Princeton Election Consortium

A first draft of electoral history. Since 2004

The Presidential Meta-Analysis for 2016

June 30th, 2016, 9:13am by Sam Wang


As we have done since 2004, we are taking a polls-only approach to give a daily snapshot of the race – as well as a November prediction. This approach has an effective precision of a few tenths of a percentage point of public opinion, and performs very well as both a tracker and a forecast. Currently, the probability of a Hillary Clinton victory in November is 85 percent, based on polls alone.

Today, I give a brief tour of the computational approach.

The Meta-Analysis starts with a Python script that downloads recent state polls from the Huffington Post’s Pollster operation. Thanks to Natalie Jackson, the HuffPollster team, and dozens of pollsters for this stream of information, which forms the foundation of the calculation.

Where polls are not available, we use the election result from 2012. As I have written, this year’s Clinton-versus-Trump state polls are strongly correlated with 2012′s Obama-versus-Romney polls. Because no realignment is evident, past results are a good predictor of the likely outcome this year. At the moment, no more than fourteen states are genuinely in play.

State polls are converted to a win probability by calculating (a) the poll median and (b) the confidence with which this median is known, as measured using the estimated standard error of the mean (SEM). Because the estimated SEM is calculated from polling data, it therefore includes pollster-to-pollster “house effects” within it, as part of the variation. These numbers are passed to a MATLAB program for the rest of the calculation.

These two numbers are converted to a win probability using the t-distribution, a method that allows for the possibility of outlier events. Those probabilities are diagrammed above in the cartogram, whose areas are proportional to each state’s electoral votes (EV). Note that the cartogram is principally for display purposes, and its EV totals reflect only one combination of all possible outcomes, which number in the quadrillions.
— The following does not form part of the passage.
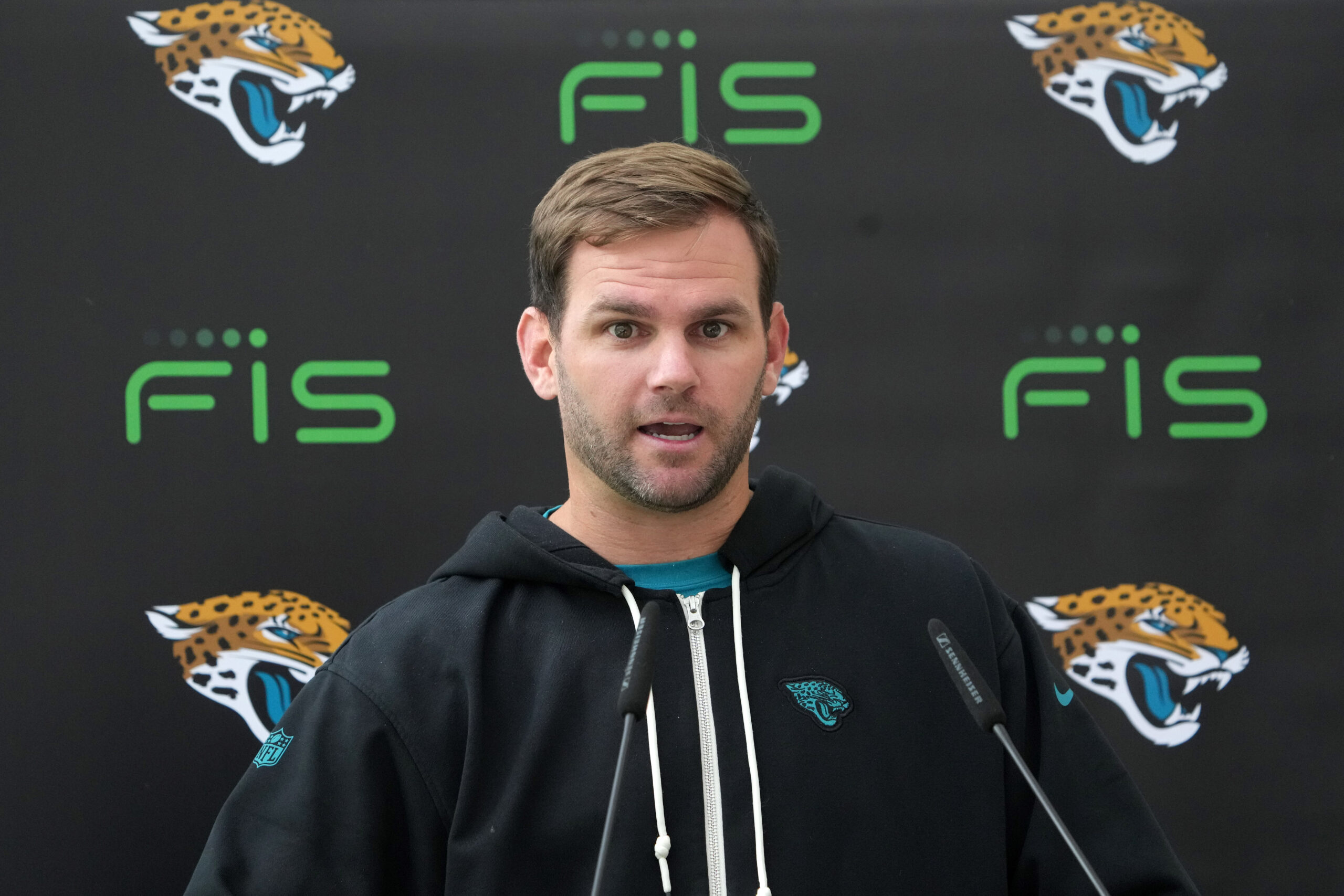 Oct 17, 2024; Watford, United Kingdom; Jacksonville Jaguars offensive coordinator Press Taylor during press conference at The Grove. Mandatory Credit: Kirby Lee-Imagn Images

To get a full snapshot of every possible outcome, these probabilities are compounded to generate a probability distribution of all possible outcomes:
Today's electoral vote histogram
The central dark blue bars represent the 95% confidence interval. The tails are plotted in green.
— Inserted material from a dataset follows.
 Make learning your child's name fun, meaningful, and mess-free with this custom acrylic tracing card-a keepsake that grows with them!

At nearly all times, this snapshot shows a near-certain win for one candidate or the other. Because this probability is usually greater than 99%, we do not report it.
Instead, in the banner at the top of this website, we report the probability of a final election win. That quantity includes the possibility of movement between the time the polls were taken and Election Day, in November.

The Meta-Margin and November predictions

A key parameter in PEC’s calculation is the Meta-Margin. This is the amount by which the two-candidate margin in state polls would have to change in order to create a perfect electoral tie. For example, today the Meta-Margin is Clinton +3.86%. This means that Donald Trump’s election odds would be perfectly even if he picked up a net of about 3.9 percentage points among currently-undecided voters – or if about 1.9 percentage points of Clinton supporters switched sides..

Because the Meta-Margin is in units of percentage, it is a nice quantity to work with. If we have expectations about how much the Meta-Margin may move, we can predict what should happen in November.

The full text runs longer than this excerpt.